Forensic textile damage is a specialized area of forensic science and is where fabric and textile damage is analyzed to provide information to forensic investigations. It has been used in stabbing cases where damage can be checked to determine which implements and operations caused such damage. In such cases, clothing damage can be thought of as a two-dimensional version of a three-dimensional wound. Although a wound can provide more information, it is not always available, due to medical intervention or where the deceased has decomposed. In such cases, clothing can then be analyzed. This discipline can also be used in cases of sexual assault, where clothing is applied with a blunt force and the clothing or underwear is pulled with some force, the complainant also insists by pulling on the clothing. There are also attempts to understand the impact of projectiles that damage clothing, not just bullets, but also air pellets, arrows, and crossbow bolts. More recently, with an increasing number of high-profile acid attacks occurring where corrosive substances are thrown at people and items, attempts are being made to identify chemical damage to clothing in an attempt to provide some evidence linking the suspect to the corrosive substance. As a result, the field of forensic textile damage is a specialty that is currently of great use in the advancement of criminal investigations and may become even more useful with further research.


Blunt force damage


Blunt force damages are typically characterized by tearing and punching and are usually a catch-all phrase for injuries not caused by a sharp application. This occurs when textiles or clothing are put under strain, for example, squeezed and pulled, until the fabric tears. This type of tear primarily occurs at the weakest part of the garment, which is usually the seam. Blunt force impacts (BFI), such as punches or forceful contact with an object, can also cause damage to textiles, such as distortion or expansion of warp and weft.


Sharp force damage


Sharp force damage, often called a stab wound, is where a sharp implement penetrates a piece of fabric, leaving a hole that reflects the cutting implement itself. For example, a single-edged blade will leave a different shape of cut than a double-edged blade. A blade with a serrated edge will leave a differently-shaped hole.


Projectiles damage


Projectile damage is damage caused by an object that is projected through the air and usually seeks to enter the body. The most obvious example is a bullet discharged from a firearm, but it also includes air pellets, arrows, and crossbow bolts.

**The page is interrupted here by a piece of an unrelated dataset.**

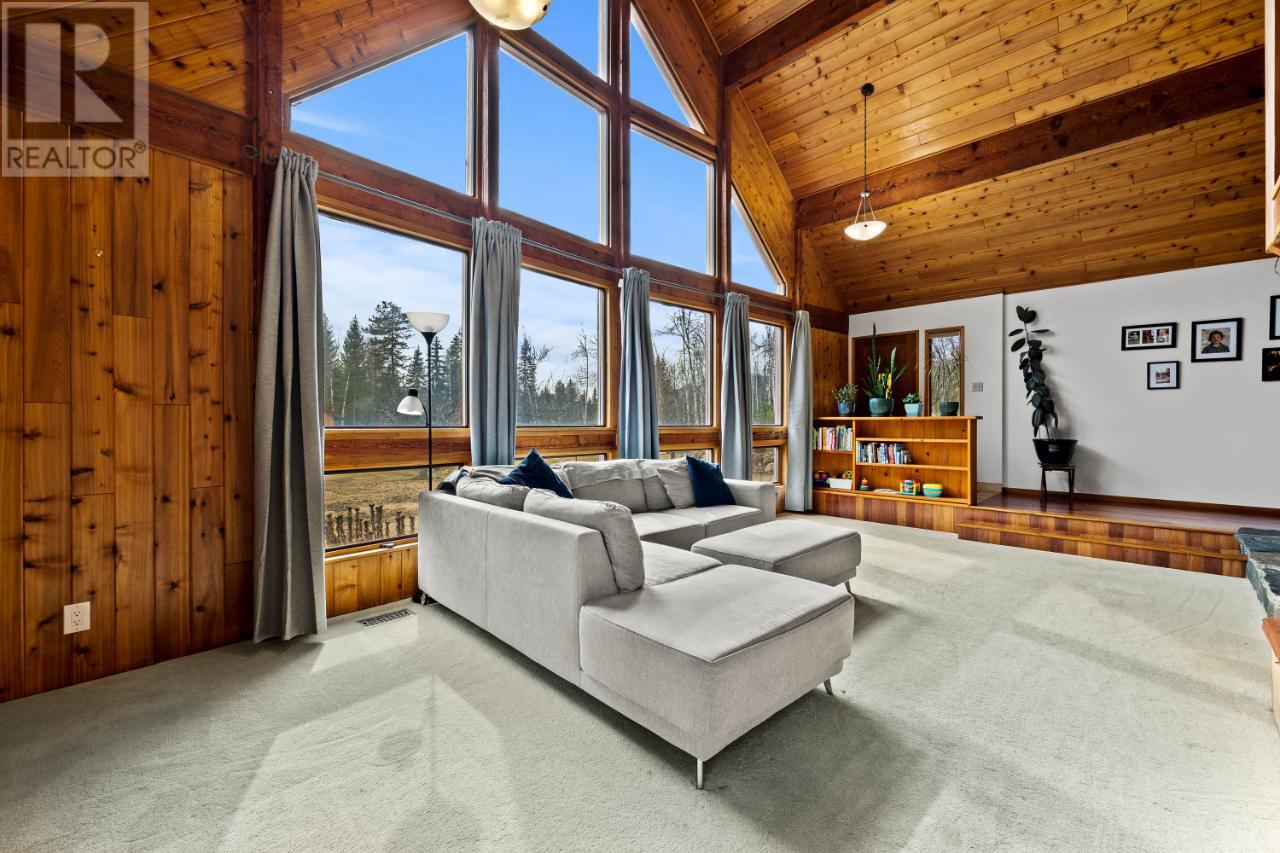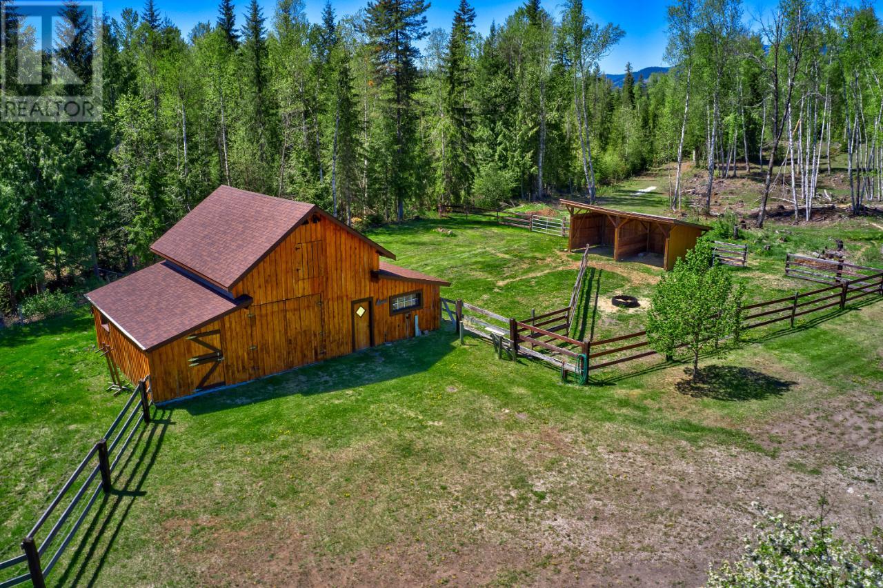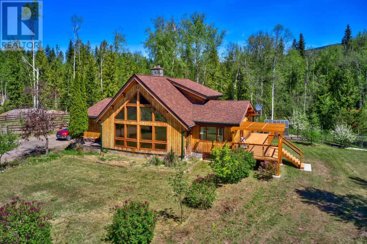 Absolutely stunning private acreage tucked away only 5kms from town amenities. This property features an impressive custom home situated on 10acres with floor to ceiling windows capturing the lovely views of the creek meandering through the property. The sprawling main level of the home offers a freshly painted open concept with a tasteful kitchen that leads into the dining room & cozy living room space accented with a floor to ceiling rock fireplace feature, 2 good sized bedrooms & a bathroom. The upper level features a loft with an oversized primary bedroom & ensuite. The lower level is a walk-out basement (suite potential) with 2 more bedrooms, bathroom, storage & mudroom space finished with new flooring. Enjoy your mornings on the spacious deck capturing the views of the creek with fenced yard space for the kids. This property has it all including fencing for animals, riding ring, barn & paddocks. Very unique property offering a variety of tree species creating a private getaway! Cell service & internet available. Geothermal heating/cooling is a bonus! Call today for a full info package or private viewing. (id:22211)

Damage in sexual assault cases


Damages in sexual assault cases are blunt force harms, where clothing and underwear are forcibly removed, that is often with the complainant struggling to keep the clothes on. This can result in highly dynamic and complex damage patterns to the garment. Although by no means certain, the presence of significant clothing damage may be evidence of the absence of consent in cases of sexual assault.


Decomposition


A study of this nature is vital to understanding the effects of decomposition on textiles, as it requires an understanding of how textiles change over time under natural conditions, something that has been well explored by Beaver.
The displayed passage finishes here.